Home devices are getting smarter by the millions, despite the lack of a single communications standard.
“While the general acceptance of a single technology for smart home applications would make device manufacturers' lives easier, this is not necessarily the reality we will see," said Lisa Arrowsmith, market analyst at IMS Research. "Despite this, IMS Research forecasts that over 90 million ICs will be shipped for ‘smart’ devices in the 2009-2014 period."
Some OEMs are waiting for the adoption of a single communication standard before adding smart functionality to the consumer products they manufacture, according to IMS Research, while other companies are adopting a modular approach that may enable easier transition even if alternative technologies come to the fore.
IMS said that there are pros and cons for each of the existing technologies and none is a one-size-fits-all solution.
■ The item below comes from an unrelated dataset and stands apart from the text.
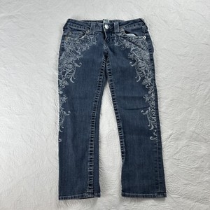 True Religion Indigo Cathedral Denim Capri Size 26 Orig $196

For example, IMS said, Z-Wave has a full "ecosystem" of products with proven interoperability, but some product makers are leery of adopting a proprietary technology; in addition, in the U.S. it is not listed by the National Institute of Standards and Technology (NIST) as a recommended technology for smart HANs (home area networks).
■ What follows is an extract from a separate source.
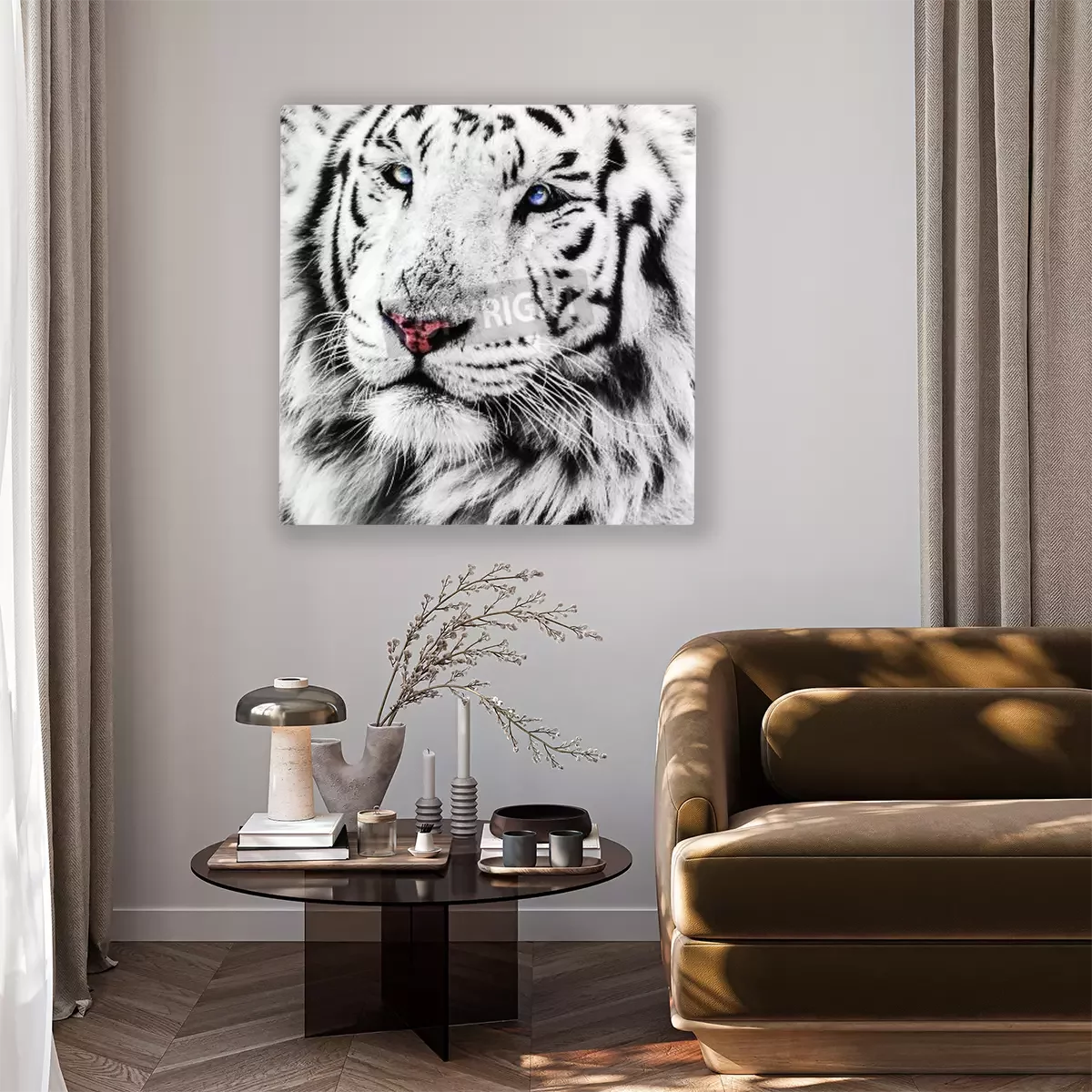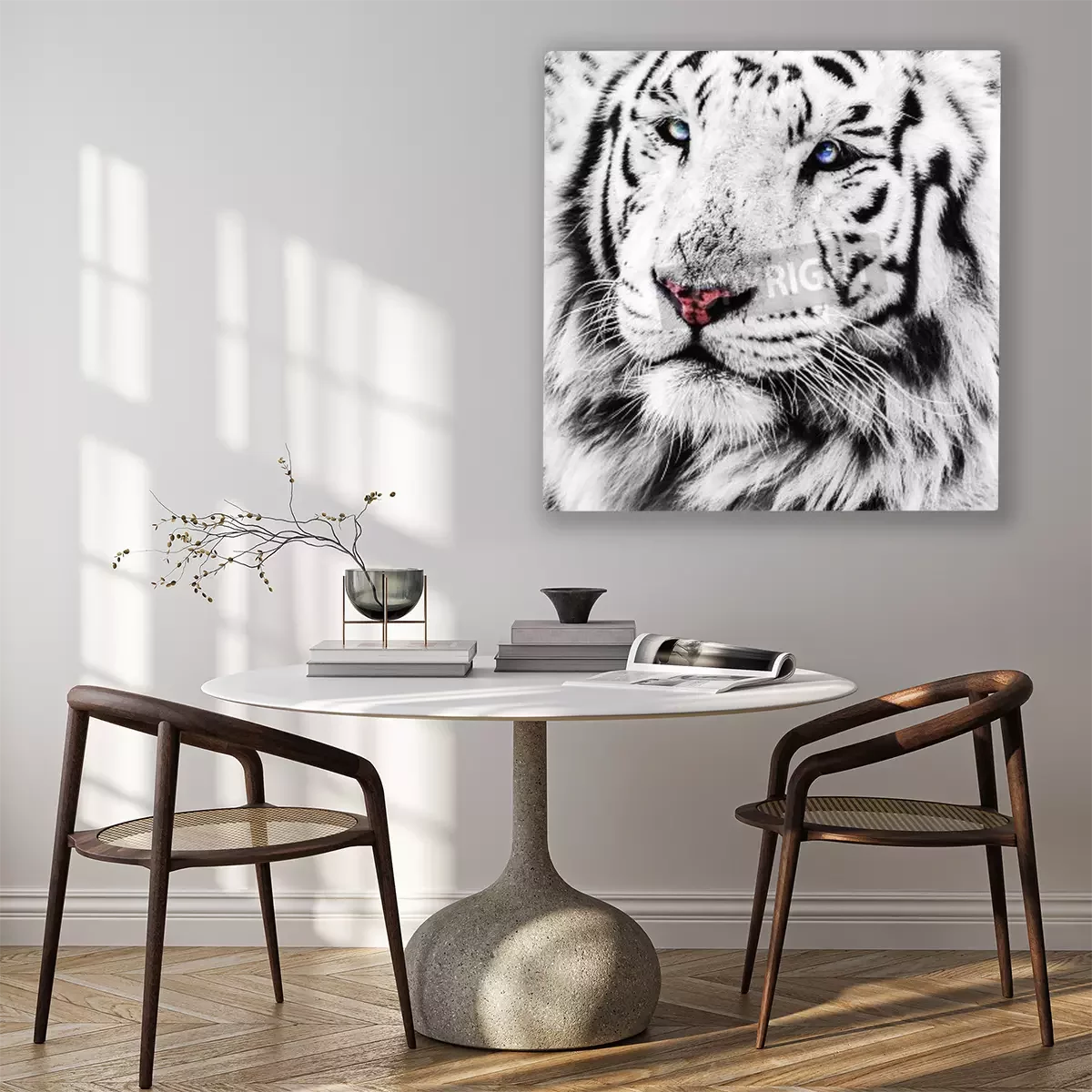 Tableau : Tigre blanc aux yeux bleus

Another example: ZigBee Smart Energy has support from NIST and will be included by some utilities in smart meters with integrated HAN-enabled gateways, making it easier for enabled devices to communicate directly with advanced metering infrastructure (AMI) signals via the smart meter. But some OEMs are reluctant to use the technology because of past interoperability issues.
IMS does not foresee one standard communications protocol for smart home applications in the near future, so multi-comms hubs and bridging devices will be more important in the coming years.